EXERCISE INPUTS:
== == ==
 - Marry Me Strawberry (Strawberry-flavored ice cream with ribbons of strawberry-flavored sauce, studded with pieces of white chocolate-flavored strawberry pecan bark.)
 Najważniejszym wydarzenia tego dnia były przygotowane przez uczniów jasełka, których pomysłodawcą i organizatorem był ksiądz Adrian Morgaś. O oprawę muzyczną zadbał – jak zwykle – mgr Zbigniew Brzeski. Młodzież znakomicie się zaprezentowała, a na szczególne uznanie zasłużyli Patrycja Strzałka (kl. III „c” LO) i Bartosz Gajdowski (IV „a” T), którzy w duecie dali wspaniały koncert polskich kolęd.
== == ==
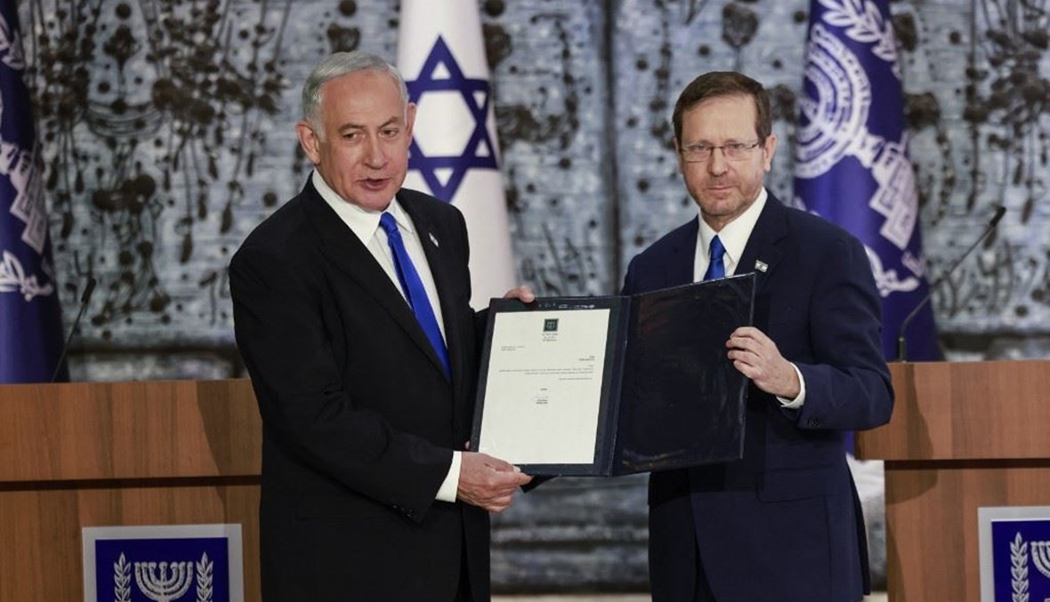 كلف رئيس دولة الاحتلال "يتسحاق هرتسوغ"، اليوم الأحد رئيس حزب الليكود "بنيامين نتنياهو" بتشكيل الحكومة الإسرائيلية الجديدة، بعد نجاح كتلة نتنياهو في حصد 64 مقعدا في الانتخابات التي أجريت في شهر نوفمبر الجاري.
== == ==
Leave out every line above except those from the line with "- Marry Me Strawberry" up to and including the line with "Najważniejszym wydarzenia tego", and copy those exactly.

 - Marry Me Strawberry (Strawberry-flavored ice cream with ribbons of strawberry-flavored sauce, studded with pieces of white chocolate-flavored strawberry pecan bark.)
 Najważniejszym wydarzenia tego dnia były przygotowane przez uczniów jasełka, których pomysłodawcą i organizatorem był ksiądz Adrian Morgaś. O oprawę muzyczną zadbał – jak zwykle – mgr Zbigniew Brzeski. Młodzież znakomicie się zaprezentowała, a na szczególne uznanie zasłużyli Patrycja Strzałka (kl. III „c” LO) i Bartosz Gajdowski (IV „a” T), którzy w duecie dali wspaniały koncert polskich kolęd.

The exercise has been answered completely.